[Activity]:
Verbatim output, no pictures: the lines from the beginning of the material through the line with "72952886 alte Postkarte", both ends kept.

[Input data]:
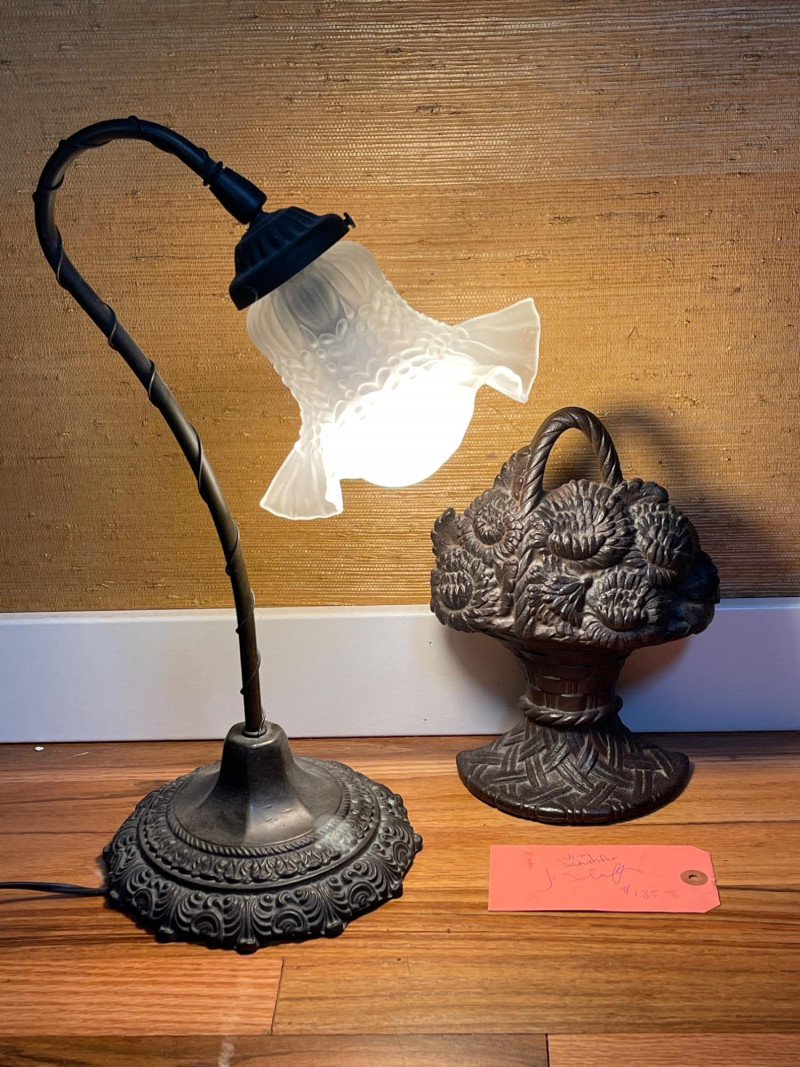 1926 Jim Schahfer Cast Iron Doorstop + Vintage Art Nouveau Brass Lamp 9-16” H Offered as a unique two-piece lot: 1. Vintage Gooseneck Table Lamp Likely brass or brass-plated base with ornate embossed detailing Elegant gooseneck design with upward spiral twist and secure base Fitted with a frosted ruffled glass shade, floral texture and soft diffusion Working condition with a warm, antique-style glow—perfect for a reading nook or vintage desk setup 2. 1926 Jim Schahfer Cast Iron Doorstop Classic flower basket motif in richly aged cast iron Clearly marked: “TRADE MARK / PAT. NOV. 9, 1926” and associated with Jim Schahfer, a noted craftsman and collector of antique-style cast iron Heavy and sturdy—ideal as a decorative doorstop, bookend, or display item Original retail tag indicating a value of $135 included Both pieces complement one another in early 20th-century revival style, ideal for vintage collectors or traditional interiors.
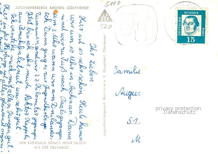 72952886 alte Postkarte Aachen Jugendherberge Colynshof postalisch gelaufen Erhaltung siehe scans [FriedD77] KatCode: 11110005313000
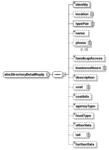 source | <xs:complexType name="DirectoryDetailReply"> <xs:sequence> <xs:element name="identity" type="Identity"/> <xs:element name="location" type="lrms:LocationReference" minOccurs="0"/> <xs:element name="typePair" type="DirectoryTypePair"/> <xs:element name="name" type="Name" minOccurs="0"/> <xs:element name="phone" type="PhoneInformation" minOccurs="0" maxOccurs="10"/> <xs:element name="handicapAccess" type="ADA-Access" minOccurs="0"/> <xs:element name="businessHours" type="TimePair" minOccurs="0"/> <xs:element name="description" type="Description" minOccurs="0"/> <xs:element name="cost" type="Cost" minOccurs="0"/> <xs:element name="costInfo" type="Freetext" minOccurs="0"/> <xs:element name="agencyType" type="GovernmentSubType" minOccurs="0"/> <xs:element name="foodType" type="RestaurantSubType" minOccurs="0"/> <xs:element name="otherData" type="ExtendedInfo" minOccurs="0"/> <xs:element name="tail" type="Tail" minOccurs="0"/> <xs:element name="furtherData" type="URL-Link" minOccurs="0"/> </xs:sequence> </xs:complexType> |
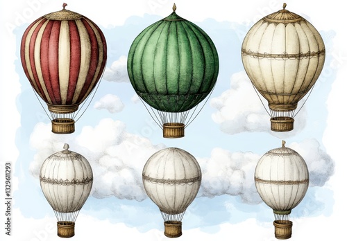 © Kettisak, Obraz premium Six Vintage Hot Air Balloons in a Light Blue Sky with Clouds

[Result of this exercise]:
 1926 Jim Schahfer Cast Iron Doorstop + Vintage Art Nouveau Brass Lamp 9-16” H Offered as a unique two-piece lot: 1. Vintage Gooseneck Table Lamp Likely brass or brass-plated base with ornate embossed detailing Elegant gooseneck design with upward spiral twist and secure base Fitted with a frosted ruffled glass shade, floral texture and soft diffusion Working condition with a warm, antique-style glow—perfect for a reading nook or vintage desk setup 2. 1926 Jim Schahfer Cast Iron Doorstop Classic flower basket motif in richly aged cast iron Clearly marked: “TRADE MARK / PAT. NOV. 9, 1926” and associated with Jim Schahfer, a noted craftsman and collector of antique-style cast iron Heavy and sturdy—ideal as a decorative doorstop, bookend, or display item Original retail tag indicating a value of $135 included Both pieces complement one another in early 20th-century revival style, ideal for vintage collectors or traditional interiors.
 72952886 alte Postkarte Aachen Jugendherberge Colynshof postalisch gelaufen Erhaltung siehe scans [FriedD77] KatCode: 11110005313000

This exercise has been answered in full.